Photolithography Patterning of Complementary Organic Circuits

Abstract

The application of organic electronics to display technologies, large area electronic paper (or plastics), organic light emitting diodes (OLEDs), organic solar cells, radio frequency identification tags, smart cards and chemical sensors has received a great deal of attention in recent years. The main advantages of using organic semiconductors (OSCs) are lowcost, low processing temperature, flexibility, light weight and rugged design. The substantial progress in this field has been driven not just by existing technologies, such as flat panel displays, but also by new applications, such as flexible solid-state lighting, lowcost printed integrated circuits, and plastic solar cells, to name a few. Performance-wise, organic thin-film transistors (OTFTs) are on par with their a-Si (amorphous silicon) counterparts. Since OTFT fabrication offers lower processing temperatures and lower cost, it has the potential to replace a-Si in the near future. To date, all organic complementary circuits have used stencil mask patterning. Stencil mask patterning is not practical for mass manufacturing; hence, a way to pattern organic complementary metal-oxide-semiconductor (O-CMOS) using photolithography is paramount. This is the goal of this thesis.

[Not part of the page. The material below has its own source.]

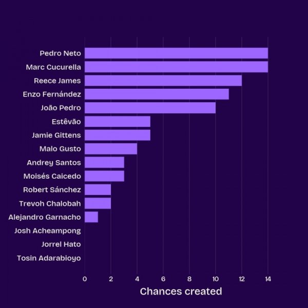 切尔西本赛季英超创造机会榜:内托、库库各14次,詹姆斯12次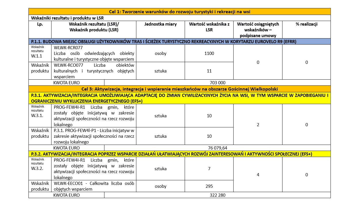 LGD Gościnna Wielkopolska w ramach Strategii rozwoju lokalnego kierowanego przez społeczność (LSR) realizuje 3 cele główne Lokalnej Strategii Rozwoju (LSR)

In this dissertation the design and fabrication of improved OTFTs for electronic displays and complementary circuits are illustrated. Here, we demonstrated OTFTs that have excellent stability; hence, they are more suitable for the above-mentioned electronic applications. In addition, for the first time, successful photolithographic patterning of an n-channel organic semiconductor is demonstrated. These important results have enabled us to integrate the n-channel and p-channel organic materials using a complete photolithographic process in realizing O-CMOS.